Content starts

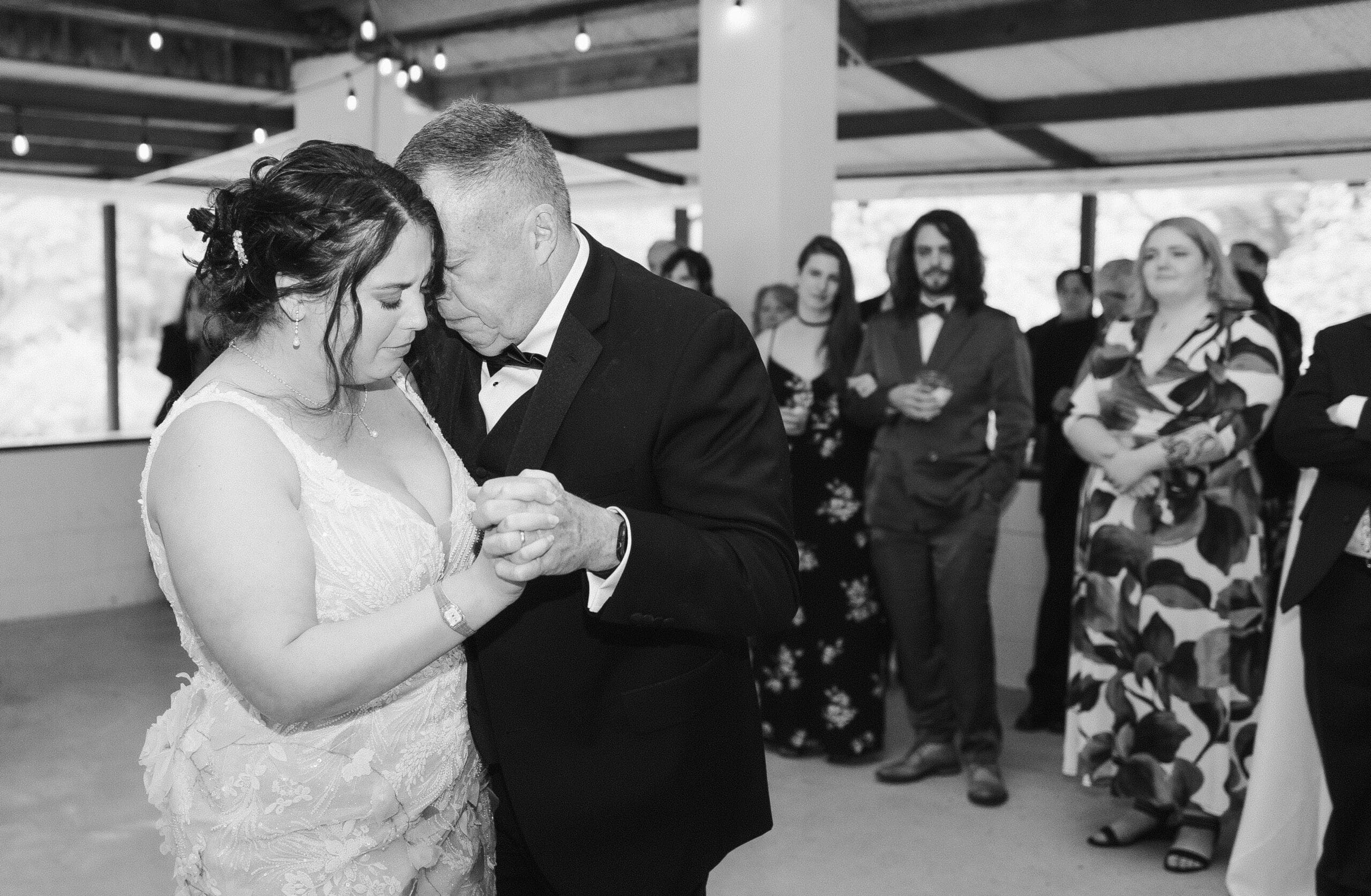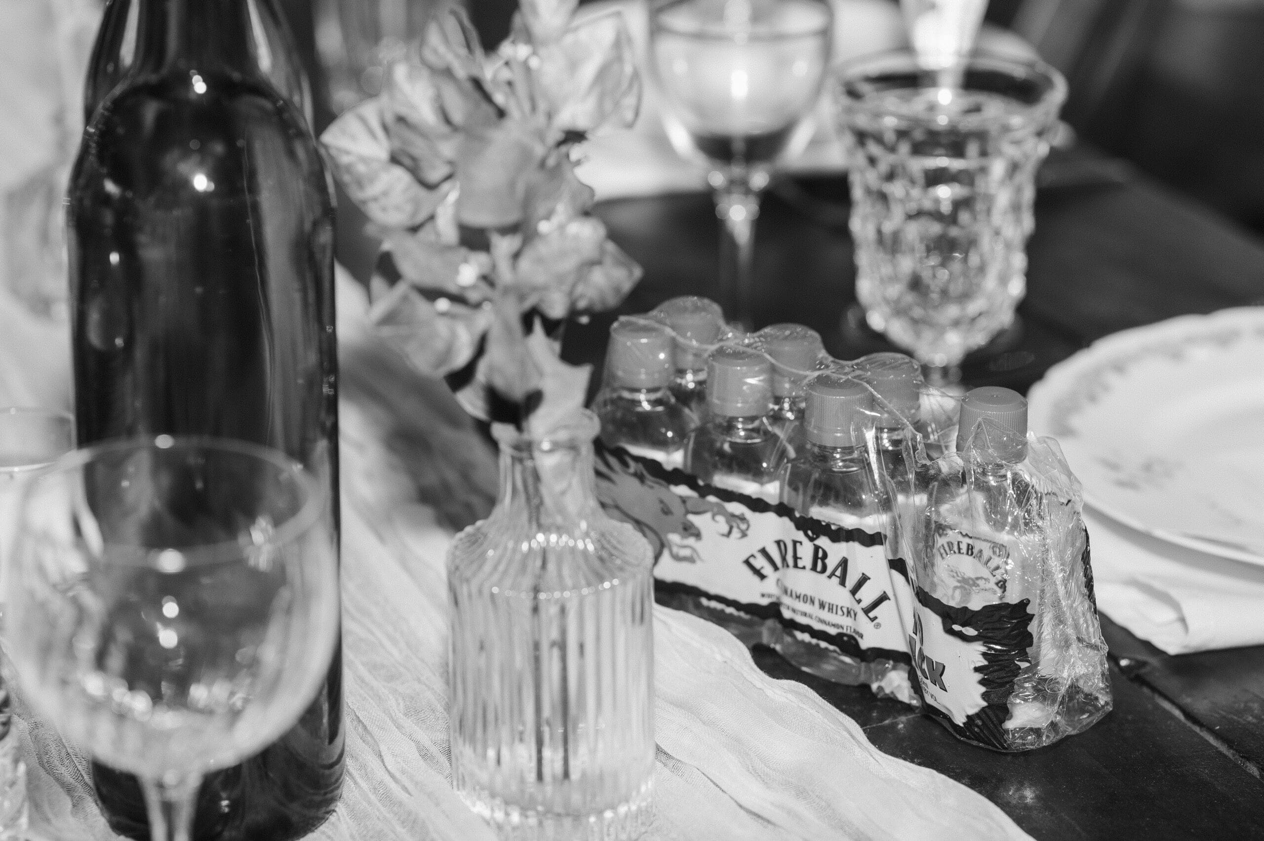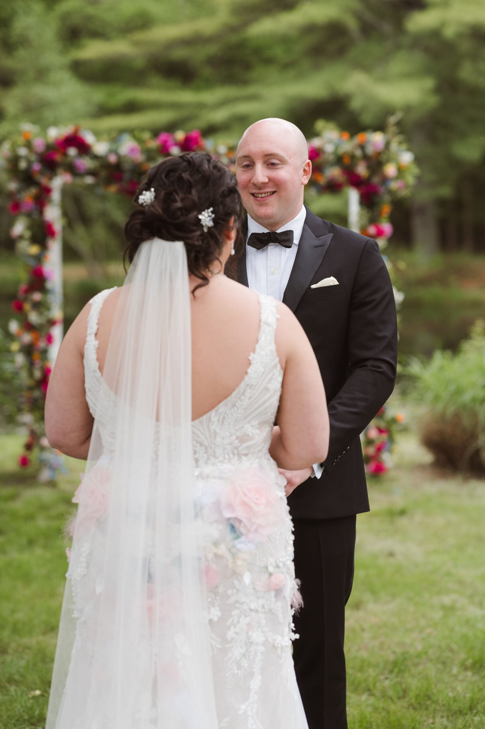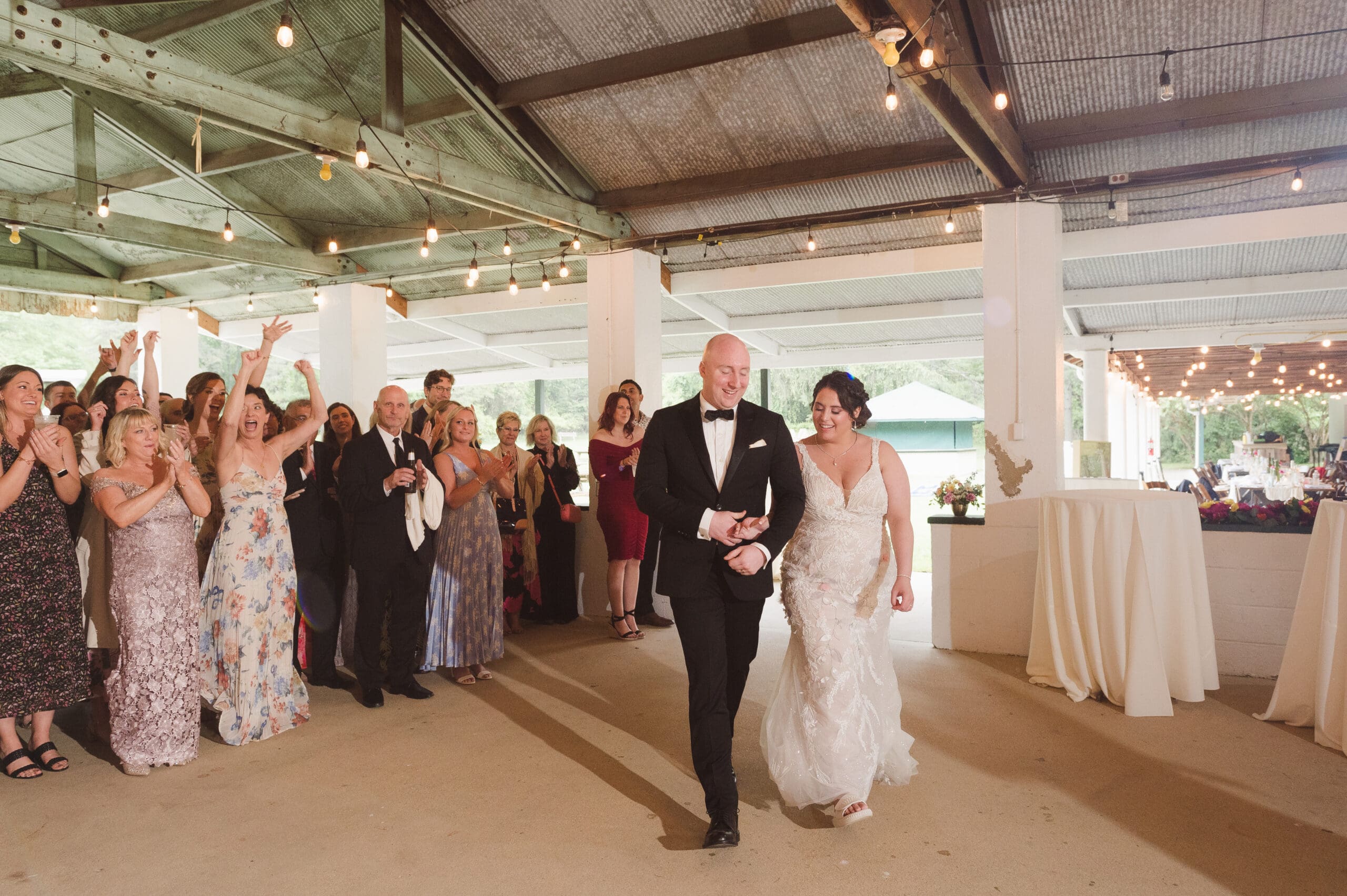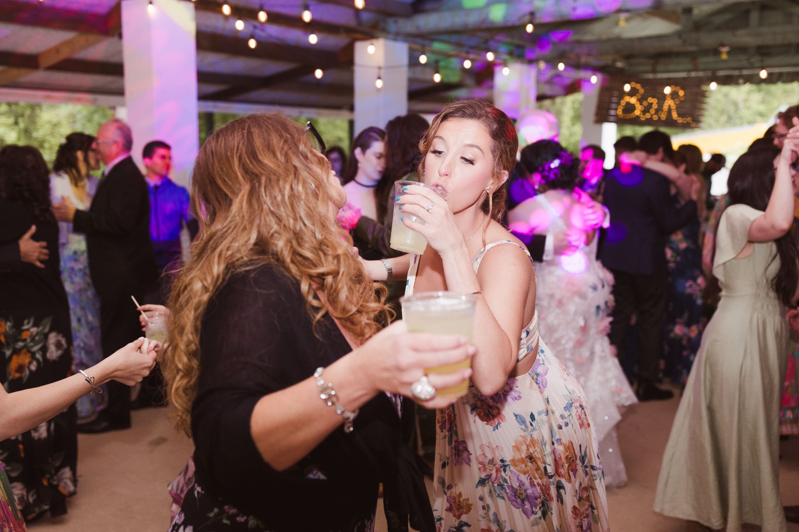We began with a first look, followed by portraits of just the bride and groom wearing their wedding bands. We then took photos of the wedding party (bridesmaids and groomsmen) and family. We had about 45 minutes to spare to prepare and chill out before the ceremony and the guests’ arrival. It rained during their ceremony, but we continued despite the drizzle not dampening our mood. Afterward, we celebrated with food, dancing, and an open bar under the glow of Pat’s 30 Acre’s Edison bulbs all night long.
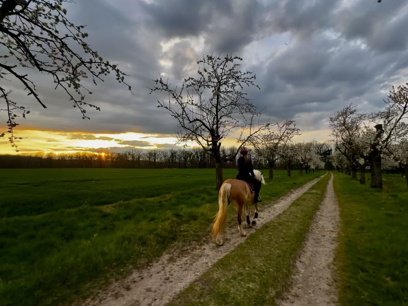 Zu Verkauf steht unser 5jähriger Haflingerwallach Archi. Er ist sehr menschenbezogen und super verträglich mit anderen Pferden. Er geht allein und in der Gruppe ins Gelände, ist dabei immer artig. In der Halle lässt er sich sehr angenehm reiten. Verkauft wird er nur, weil die Reiterin leider schon zu groß geworden ist, sonst würden wir uns nicht von diesem Ponyschatz trennen.
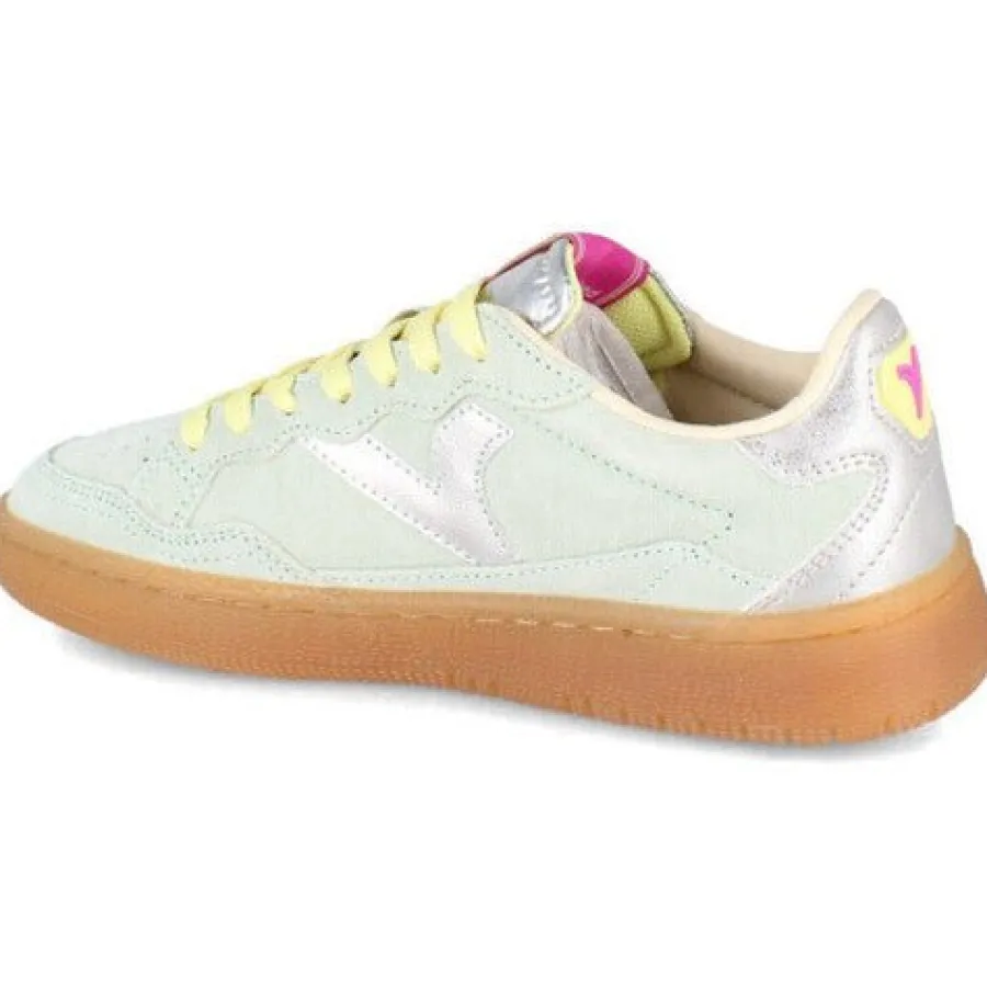 Découvrez ces baskets VICTORIA en cuir, revisitées avec une pointe de rose fuchsia et des détails irisés sur le talon ainsi que sur le V rétro emblématique. Leur coloris vert menthe apporte une touche de fraîcheur, tandis que leur semelle en caoutchouc assure confort et adhérence au quotidien. Fabriquées avec soin à partir de cuir, de textile et de matières synthétiques, ces sneakers allient style décontracté et élégance raffinée, pour vous accompagner avec classe dans toutes vos aventures.
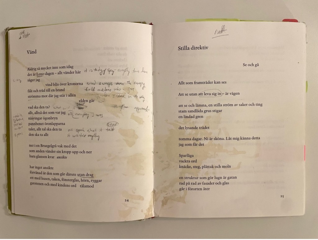 These examples are representative of the intricacies of Frostenson’s writing, and how a small detail can be connected to an entire ‘phase’ of her career. As a general principle, because I can’t replicate every trick or clever phrase that she makes in Swedish, I tried to tease out ambiguities and wordplay whenever I could in English. And without sacrificing sense, I tried to emphasize sound whenever possible.
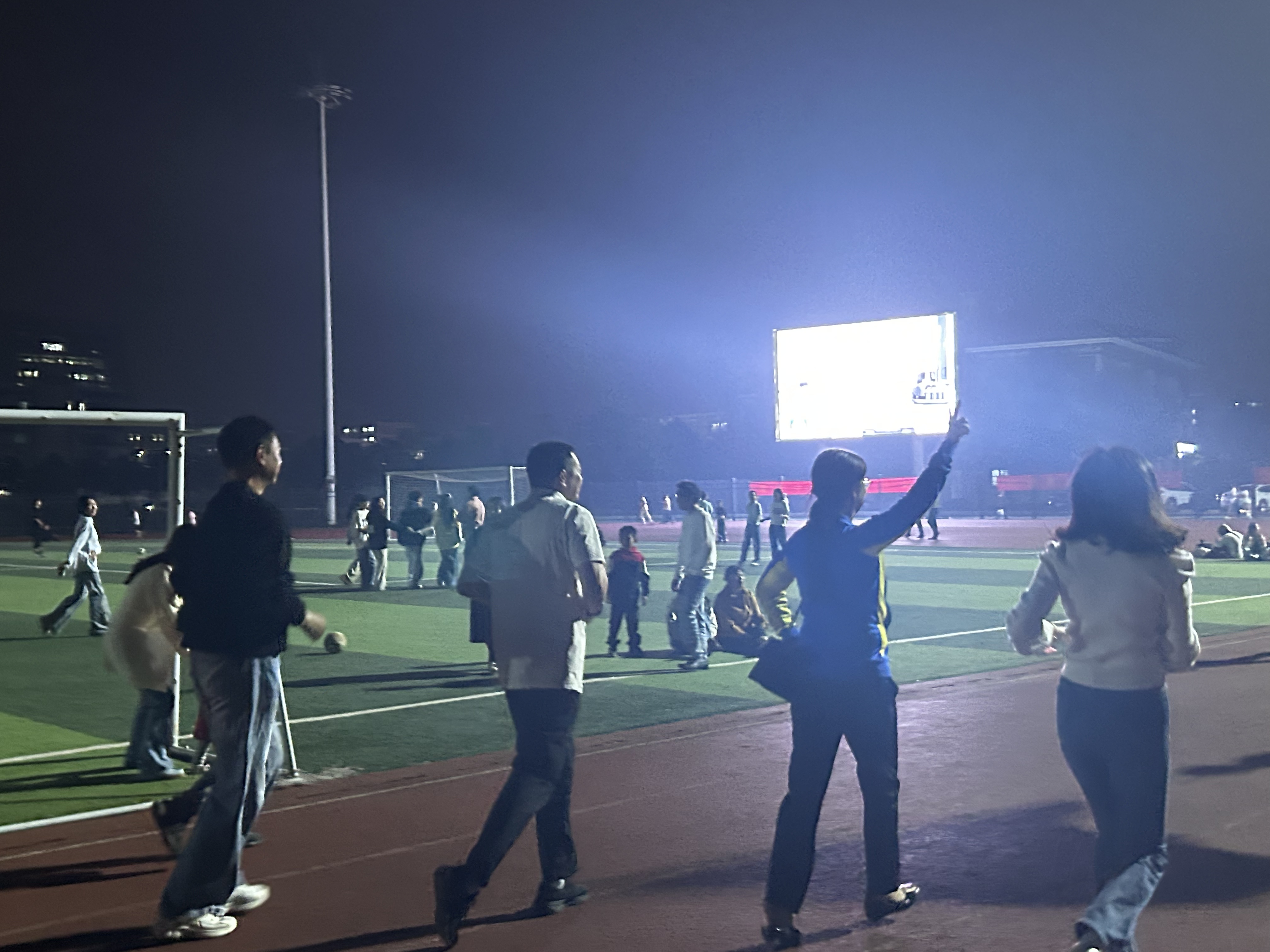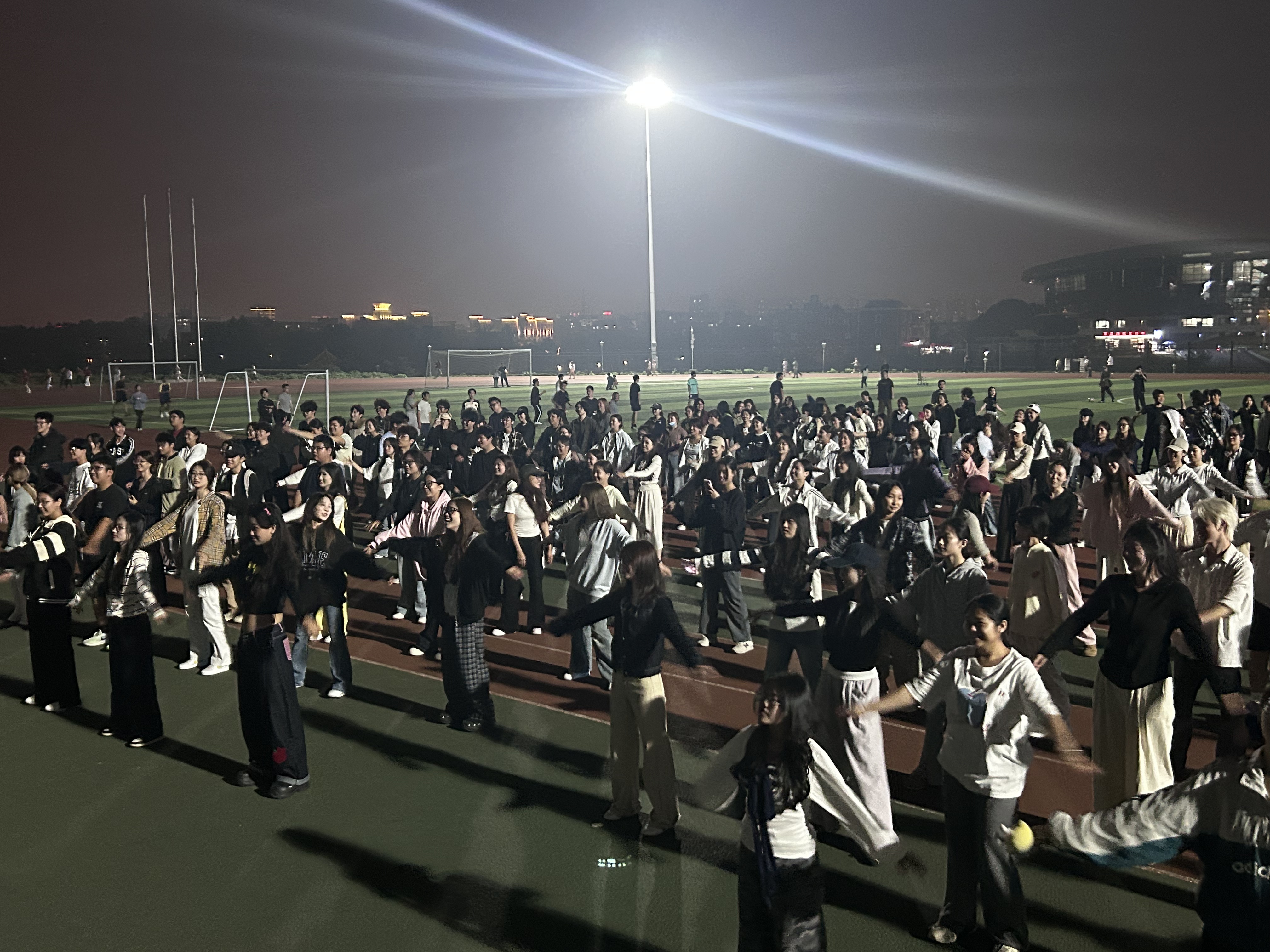 活动伊始,院党委副书记蔡奕作动员讲话。她既鼓励同学们积极参与夜跑,明确活动“增强体质、助力学习”的核心目的,也着重叮嘱“安全第一”,提醒大家活动前务必做好热身准备。随后,领操员带领全体参与者完成专业热身动作,为夜跑安全保驾护航。随着夜跑环节正式启动,动感音乐响起,老师们率先领跑,步伐稳健有力。同学们紧随其后、互相鼓劲,伴着节奏调整呼吸。田径场上,脚步声、笑声与音乐声交织,构成傍晚校园里最鲜活动人的画面。

Content ends

Requirement
Provide the lines again, unchanged, from where the data above begins through the line containing "Découvrez ces baskets", both ends included, omitting pictures and adding nothing.

Completed task
We began with a first look, followed by portraits of just the bride and groom wearing their wedding bands. We then took photos of the wedding party (bridesmaids and groomsmen) and family. We had about 45 minutes to spare to prepare and chill out before the ceremony and the guests’ arrival. It rained during their ceremony, but we continued despite the drizzle not dampening our mood. Afterward, we celebrated with food, dancing, and an open bar under the glow of Pat’s 30 Acre’s Edison bulbs all night long.
 Zu Verkauf steht unser 5jähriger Haflingerwallach Archi. Er ist sehr menschenbezogen und super verträglich mit anderen Pferden. Er geht allein und in der Gruppe ins Gelände, ist dabei immer artig. In der Halle lässt er sich sehr angenehm reiten. Verkauft wird er nur, weil die Reiterin leider schon zu groß geworden ist, sonst würden wir uns nicht von diesem Ponyschatz trennen.
 Découvrez ces baskets VICTORIA en cuir, revisitées avec une pointe de rose fuchsia et des détails irisés sur le talon ainsi que sur le V rétro emblématique. Leur coloris vert menthe apporte une touche de fraîcheur, tandis que leur semelle en caoutchouc assure confort et adhérence au quotidien. Fabriquées avec soin à partir de cuir, de textile et de matières synthétiques, ces sneakers allient style décontracté et élégance raffinée, pour vous accompagner avec classe dans toutes vos aventures.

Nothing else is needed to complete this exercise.